Purpose-built rental pro formas under pressure

Purpose-built rental pro formas under pressure

Housing market fundamentals hold institutional investors firm
Friday, August 13, 2021
By Barbara Carss

Already tight margins in purpose-built rental pro formas have become even more precarious during the COVID-19 pandemic. Developers are now facing escalating material costs, supply chain disruptions, labour shortages and — perhaps most surprisingly from a demand perspective — climbing vacancies and falling rental rates that were not contemplated 18 months ago. Even so, market analysts report that strong fundamentals continue to draw investors to the sector.

“There’s just an insatiable demand amongst institutional capital to be in the multifamily space, to have a higher allocation to multifamily space than they have traditionally had, and to own really good product,” Paul Morassutti, CBRE Canada’s vice chair, valuation and advisory services, observed during a recent webinar examining Canadian commercial real estate dynamics. “Buying brand new apartment buildings, certainly at scale, is virtually impossible so there’s now this desire to create product. If the initial returns are skinny, I don’t think they care because, down the road, they will own the type of assets that they’d like to own.”

Proponents with shallower resources and/or shorter horizons for investment returns have a tougher business case. Citing a recent report from the consulting firm, Finnegan Marshall, which found that construction costs rose by 53 per cent over the past five years, Morassutti estimated that additional increases in development charges, contributions procured through Section 37 of Ontario’s Planning Act and spiking land prices have actually pushed up costs by as much as 75 per cent since 2016. Typically, developers need about a 3 per cent gain in revenue to balance out a 10 per cent jump in costs.

“On the condo side, revenue has also increased, so the condo industry has been able to absorb a lot of these costs and continue forward,” Morassutti acknowledged. “The pressure has been most acute on the purpose-built rental side and that’s because, even pre-pandemic, the returns for that type of development were very skinny. You have a combination of construction costs going up and revenues not moving so it is really making a lot of these pro formas difficult to pencil out.”

Rental revenue slippage is expected to be short-lived once COVID-18 wanes, and is already climbing back up from pandemic lows. A return to pre-pandemic immigration levels and the resumption of on-campus post-secondary learning should bolster demand for rental accommodation relatively soon. Looking farther into the future, homeownership affordability barriers are likely to keep a growing portion of urban dwellers in rental accommodations.

Morassutti also speculates that many of today’s asset-rich homeowners will feed an uptick in demand for purpose-built projects that offer secure tenure. In particular, he points to a largely uncounted but presumed significant cohort of near-retirees who have inadequate savings for the future.

“I think a lot of those households will cash out of their houses and move into rental product, and they’re not going to move into a 400-square-foot condo with an owner who can evict them at any time,” he submitted.

Meanwhile, Benjamin Tal, deputy chief economist with CIBC World Markets, theorized that the base of prospective renters and owners has been undercounted and that upwards of 165,000 potential permanent residents weren’t identified as new arrivals during the course of the pandemic. That includes about 150,000 international students who became automatically eligible to stay in Canada after their visas expired and 16,000 to 17,000 repatriated citizens who returned from Hong Kong.

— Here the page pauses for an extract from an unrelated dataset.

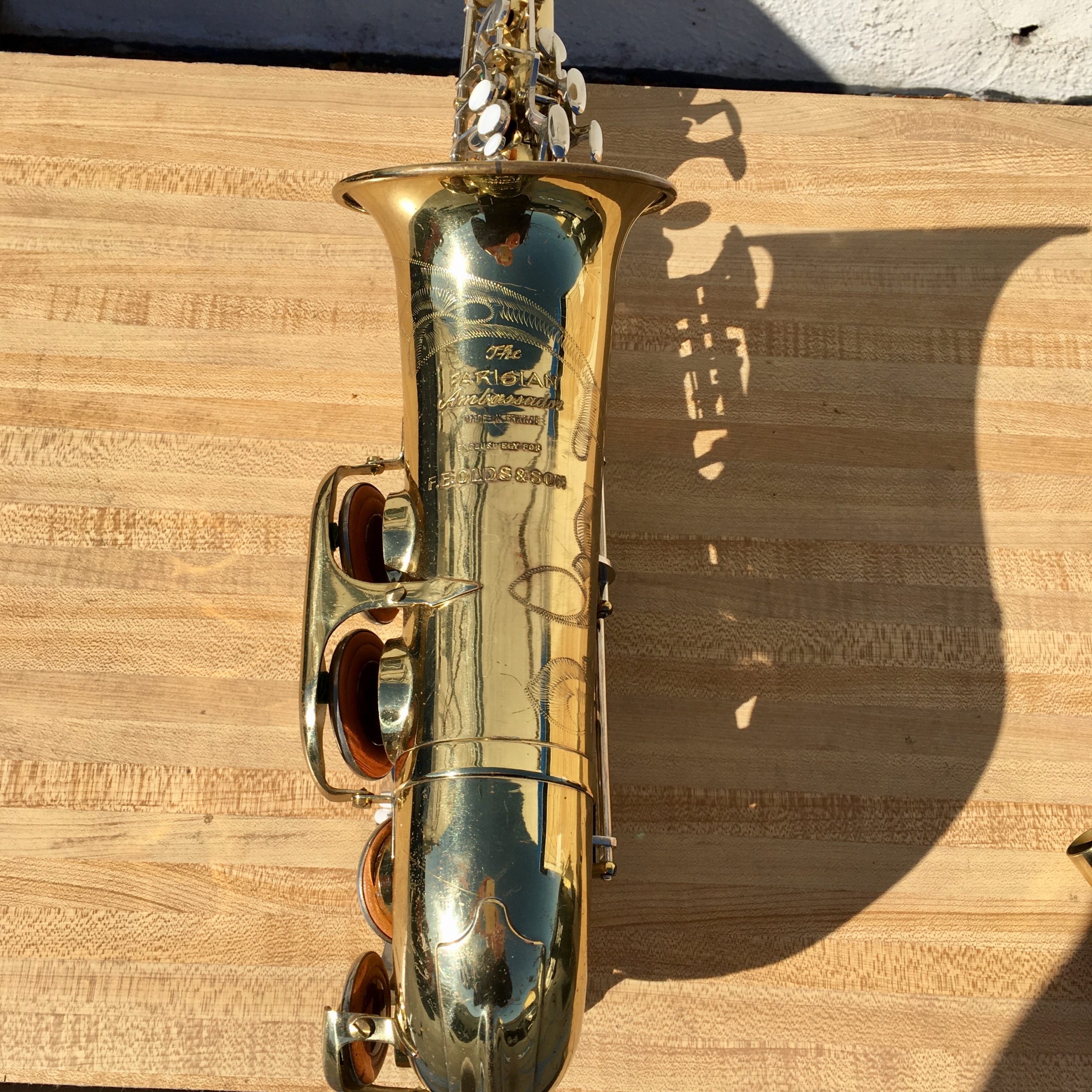 This saxophone is in working order, and ready for someone to pick it up and start playing. Contact us for more information about this Olds Parisian Ambassador alto sax.

“Demographically speaking, we are doing better than advertised,” Tal said.

Flight to the suburbs, or even farther afield, is likewise projected to abate as urbanites are again immersed in the lifestyle that drew them downtown in the first place.

“The cities are back,” Tal asserted. “The premium of living in a city when the city is shut down is zero. When you open back up, the premium is all of a sudden much more significant.”

On that theme, Morassutti concurred that only a dramatic upward spike in interest rates is likely to quell the housing markets in cities like Toronto and Vancouver. “We have a finite supply of single-family houses and we have increasing demand every year. That is a fundamental supply-demand imbalance that is not going to go away,” he stressed.

That’s all factored into investors’ outlook and willingness to contemplate less favourable purpose-built rental pro formas.

“When you speak to most of the capital that’s moving into that space, they will tell you that you can’t look at those developments as a one-off development with a going-in yield that’s going to be a homerun,” Morassutti recounted. “They are executing on the strategy, not necessarily the individual deal. I think they all feel confident that they are creating brand new rental product in a sector that they all want to be in. Ten years from now, 15 years from now, they will own great quality product with rents that will have grown, and they’ll be in a very good space.”

Barbara Carss is the editor-in-chief of Canadian Property Management.